--- Exercise prompt ---
Copy out the data word for word, without any of its pictures.

--- Given data ---
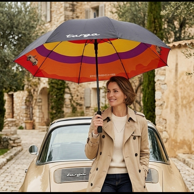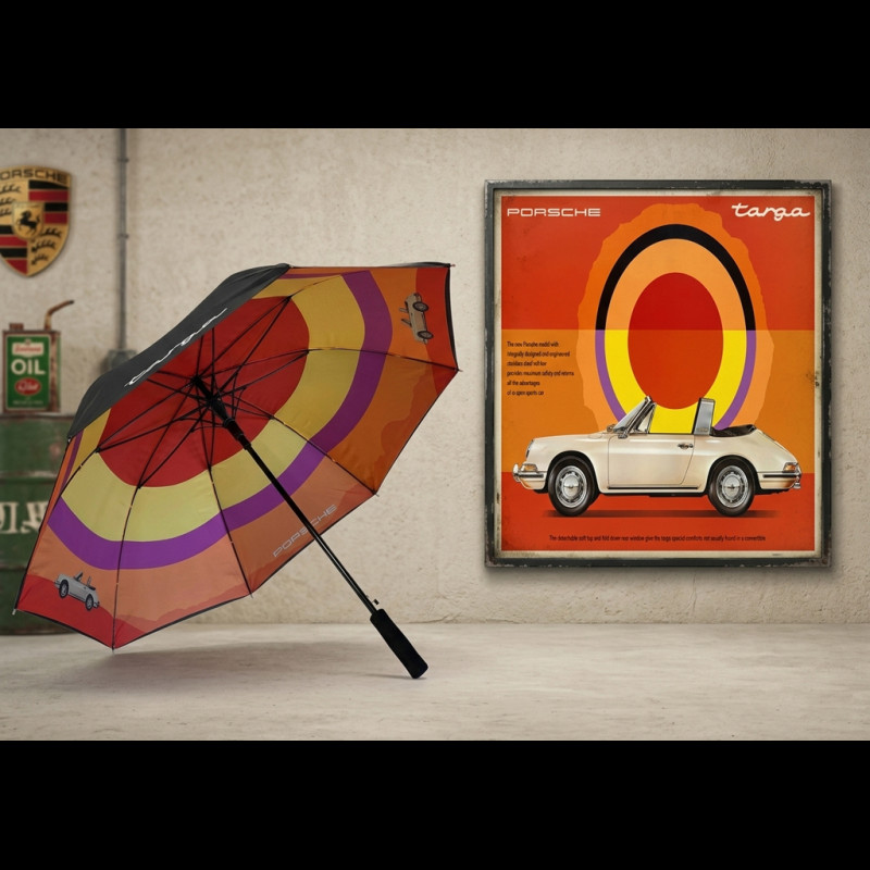 Brave the elements with the boldness of 1960s Pop Art. This umbrella pays homage to the revolutionary 911 Targa, capturing the spirit of freedom and the iconic safety of its steel roll bar through a vibrant and timeless design.
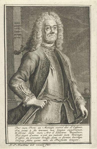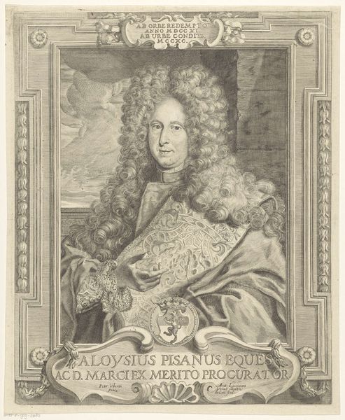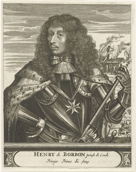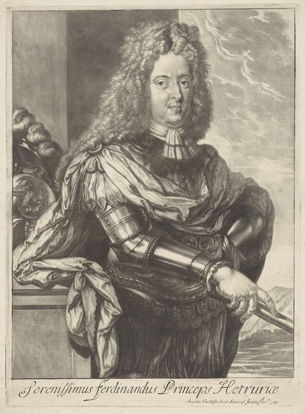 Curator: This is Pieter de Jode II's "Portret van Christina van Zweden," an engraving dating sometime between 1628 and 1670. Editor: Immediately striking. The rendering of armor paired with her seemingly effortless, voluminous hair creates a stark contrast, doesn't it? There's an interesting push and pull between power and… something softer. Curator: I agree. Considering de Jode’s meticulous work with engraving, it is useful to remember this is about a system of mechanical reproduction as much as a work of portraiture. Here the printing press is leveraged to circulate power. Think of the implications around disseminating images of a monarch, especially one as complex as Christina. Editor: Absolutely. And Christina herself! Known for her intellect, her abdication of the throne, and eventual conversion to Catholicism… she challenged norms at every turn. Seeing her depicted in armor, which has such heavy historical symbolism regarding masculinity, is very revealing. How do we read this concerning gender? Curator: One can’t overlook the traditional aspects either, right? The very precise engraving imitates the effect of metalwork which suggests an elite object produced by highly trained artists. Yet printmaking offered multiple originals at a fraction of the cost compared to single commissions of painted portraits or sculpture. The materials and processes were central to broader social changes. Editor: The inscription at the bottom feels key, too. "Christina Regina." Emphasizing her royalty… but also maybe subtly pushing back against the controversy surrounding her decisions? The inscription feels very deliberate; almost performative in its assertion of her status. The act of engraving becomes, itself, a political declaration. Curator: The Rijksmuseum holding this in its collection demonstrates enduring fascination. We grapple even now with how public images influence power dynamics. The intense lines on Christina’s armour make you consider how power can feel constricting or like something which needs defending. Editor: Right, the armor speaks to societal expectations and the protection of sovereignty. The way she leans casually against what appears to be a classical plinth makes her claim power while challenging traditional presentations. Her image, mass produced and circulated, contributes to her historical persona as one that straddled numerous different identities, religious and otherwise. Curator: Looking closely reveals the layers, literal and metaphorical, in constructing identity via reproducible materials. The print allows for distribution far and wide, playing a key role in shaping narratives. Editor: Ultimately, it seems, the means of production, the act of distribution, and Christina's own life interweave to produce a multifaceted image of power, intellect, and defiance. A woman creating a very active public persona through images.
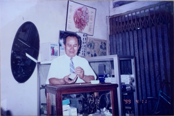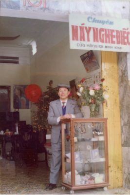 Ông Nguyễn Xuân Quế tại cửa hàng “Máy nghe điếc 101 Minh Khai” |
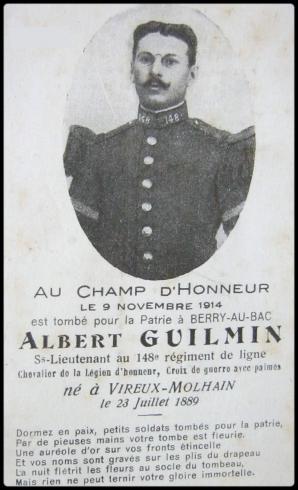 " Excellent officier d'une superbe bravoure est glorieusement tombé pour la France le 09/11/1914 a Berry au Bac en entrainant sa section a l'assaut "

--- Answer to this problem ---
 Brave the elements with the boldness of 1960s Pop Art. This umbrella pays homage to the revolutionary 911 Targa, capturing the spirit of freedom and the iconic safety of its steel roll bar through a vibrant and timeless design.
 Curator: This is Pieter de Jode II's "Portret van Christina van Zweden," an engraving dating sometime between 1628 and 1670. Editor: Immediately striking. The rendering of armor paired with her seemingly effortless, voluminous hair creates a stark contrast, doesn't it? There's an interesting push and pull between power and… something softer. Curator: I agree. Considering de Jode’s meticulous work with engraving, it is useful to remember this is about a system of mechanical reproduction as much as a work of portraiture. Here the printing press is leveraged to circulate power. Think of the implications around disseminating images of a monarch, especially one as complex as Christina. Editor: Absolutely. And Christina herself! Known for her intellect, her abdication of the throne, and eventual conversion to Catholicism… she challenged norms at every turn. Seeing her depicted in armor, which has such heavy historical symbolism regarding masculinity, is very revealing. How do we read this concerning gender? Curator: One can’t overlook the traditional aspects either, right? The very precise engraving imitates the effect of metalwork which suggests an elite object produced by highly trained artists. Yet printmaking offered multiple originals at a fraction of the cost compared to single commissions of painted portraits or sculpture. The materials and processes were central to broader social changes. Editor: The inscription at the bottom feels key, too. "Christina Regina." Emphasizing her royalty… but also maybe subtly pushing back against the controversy surrounding her decisions? The inscription feels very deliberate; almost performative in its assertion of her status. The act of engraving becomes, itself, a political declaration. Curator: The Rijksmuseum holding this in its collection demonstrates enduring fascination. We grapple even now with how public images influence power dynamics. The intense lines on Christina’s armour make you consider how power can feel constricting or like something which needs defending. Editor: Right, the armor speaks to societal expectations and the protection of sovereignty. The way she leans casually against what appears to be a classical plinth makes her claim power while challenging traditional presentations. Her image, mass produced and circulated, contributes to her historical persona as one that straddled numerous different identities, religious and otherwise. Curator: Looking closely reveals the layers, literal and metaphorical, in constructing identity via reproducible materials. The print allows for distribution far and wide, playing a key role in shaping narratives. Editor: Ultimately, it seems, the means of production, the act of distribution, and Christina's own life interweave to produce a multifaceted image of power, intellect, and defiance. A woman creating a very active public persona through images.
 Ông Nguyễn Xuân Quế tại cửa hàng “Máy nghe điếc 101 Minh Khai” |
 " Excellent officier d'une superbe bravoure est glorieusement tombé pour la France le 09/11/1914 a Berry au Bac en entrainant sa section a l'assaut "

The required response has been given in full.